The two lines with the equation r=(1,2,-44)+ t(k+1, 3k+1,k-3) and x=2-3s, y=1-10s, z=3-5s, are given.

a) determine the vaulue for K when the lines are paralel
b) determine the value of K when the lines are perpendictular

Vector 1 = (K+1) i +(3K+1)j + (K-3) k

Vector 2 = -3 i -10 j -5 k

If those are parallel the cross product is zero
i j k
K+1 3K+1 K-3
-3 -10 -5

i term -5(3K+1) + 10(K-3) = 0
K = -7
same for j and k directions, K = -7

If they are perpendicular the dot product is 0

(K+1)(-3) +(3K+1)(-10) + (K-3)(-5) = 0
solve for K

To determine the values of K when the lines are parallel or perpendicular, we need to compare their direction vectors. The direction vector of a line is the coefficient vector (k+1, 3k+1, k-3).

a) When the lines are parallel, their direction vectors are proportional, which means they differ only by a scalar multiple. So, we can set up the following equation:

(k+1, 3k+1, k-3) = (a(k'+1), a(3k'+1), a(k'-3))

where a is a non-zero scalar and (k'+1, 3k'+1, k'-3) is the direction vector of the second line.

By comparing the corresponding components, we get:

k+1 = a(k'+1)
3k+1 = a(3k'+1)
k-3 = a(k'-3)

We can solve this system of equations to find the value of K when the lines are parallel.

b) When the lines are perpendicular, their direction vectors are orthogonal, which means their dot product is zero. So, we can set up the following equation:

(k+1, 3k+1, k-3) β‹… (k', 3k', k'-3) = 0

Using the dot product formula: (a, b, c) β‹… (d, e, f) = ad + be + cf, we can rewrite the equation as:

(k+1)(k') + (3k+1)(3k') + (k-3)(k'-3) = 0

We can solve this equation to find the value of K when the lines are perpendicular.

To determine the value of k when the two lines are parallel, we need to compare the direction vectors of the two lines.

For the first line, the direction vector is given as (k+1, 3k+1, k-3).

For the second line, the direction vector is (-3, -10, -5).

Two vectors are parallel if they are scalar multiples of each other. In other words, the first vector can be written as a constant multiple of the second vector.

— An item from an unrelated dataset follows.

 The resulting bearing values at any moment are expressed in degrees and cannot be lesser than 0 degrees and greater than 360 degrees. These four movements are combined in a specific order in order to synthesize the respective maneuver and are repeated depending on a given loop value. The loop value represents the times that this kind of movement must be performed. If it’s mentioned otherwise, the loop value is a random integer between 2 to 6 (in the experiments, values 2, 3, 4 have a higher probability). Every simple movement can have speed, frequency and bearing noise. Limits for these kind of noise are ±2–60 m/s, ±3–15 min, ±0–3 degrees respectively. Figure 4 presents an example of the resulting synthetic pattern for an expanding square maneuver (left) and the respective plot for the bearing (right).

For example, (k+1, 3k+1, k-3) = c(-3, -10, -5), where c is a constant.

We can equate corresponding components to find the value of k.

k+1 = -3c
3k+1 = -10c
k-3 = -5c

Now we will solve these three equations simultaneously to find the values of k and c.

Adding the first and third equations, we get:
k + (k-3) = -3c - 5c
2k -3 = -8c

So, k = (-8c + 3)/2.

Substituting this value of k in the second equation, we get:

3((-8c + 3)/2) + 1 = -10c
(-24c + 9)/2 + 1 = -10c
-24c + 9 + 2 = -20c
-24c + 11 = -20c
4c = 11
c = 11/4

Substituting the value of c back into the equation for k, we get:

k = (-8(11/4) + 3)/2
k = (-22 + 12)/2
k = -5/2

Therefore, the value of k when the two lines are parallel is k = -5/2.

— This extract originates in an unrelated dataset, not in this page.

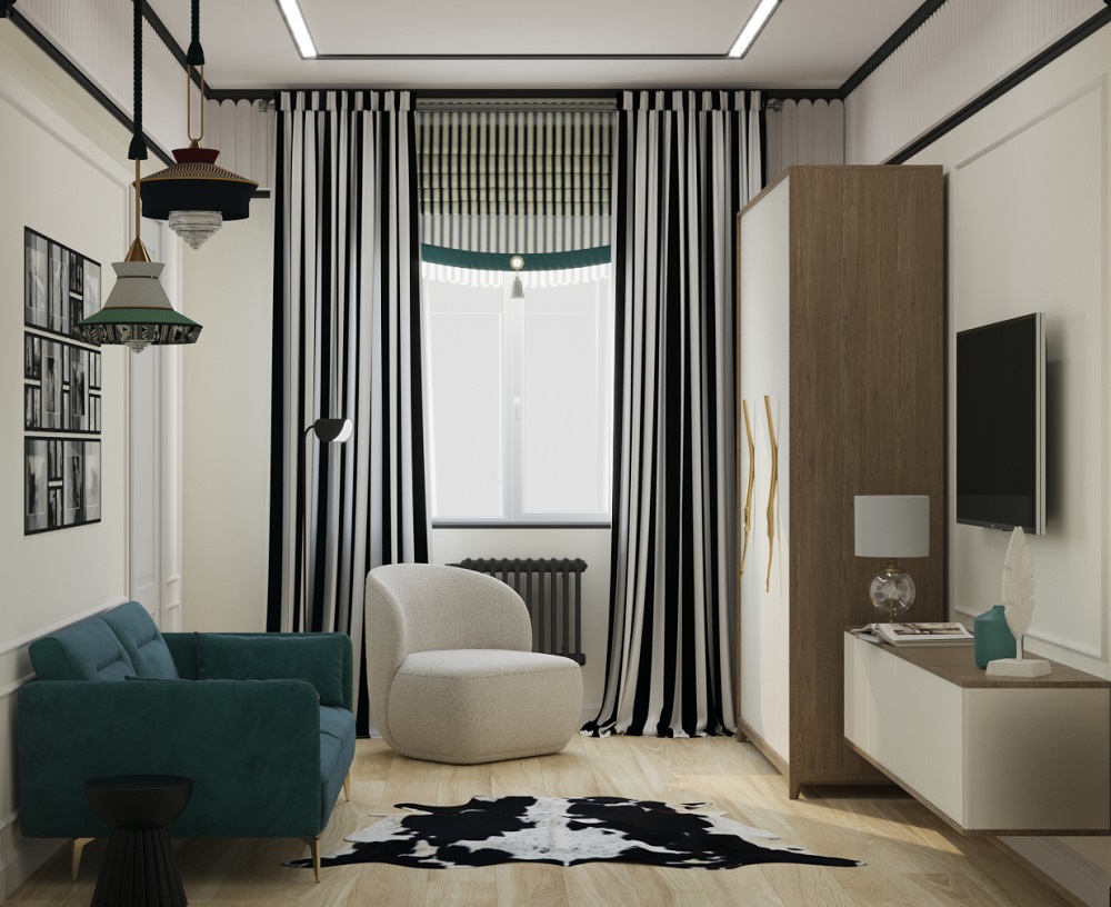 Первым делом дизайнер Ирина Райхер избавилась от многоцветной палитры в гостиной, оставив два основных – черный и белый. При этом, как и хотели герои, в гостиной остался главенствовать белый цвет. А в спальне — черный.

To determine the value of k when the two lines are perpendicular, we need to check if the dot product of the direction vectors is zero.

The dot product of the direction vectors (k+1, 3k+1, k-3) and (-3, -10, -5) is given by:

(k+1)(-3) + (3k+1)(-10) + (k-3)(-5) = 0

Simplifying this equation gives:

-3k - 3 - 30k - 10 + 5k - 15 = 0
-28k - 28 = 0
k = -1

Therefore, the value of k when the two lines are perpendicular is k = -1.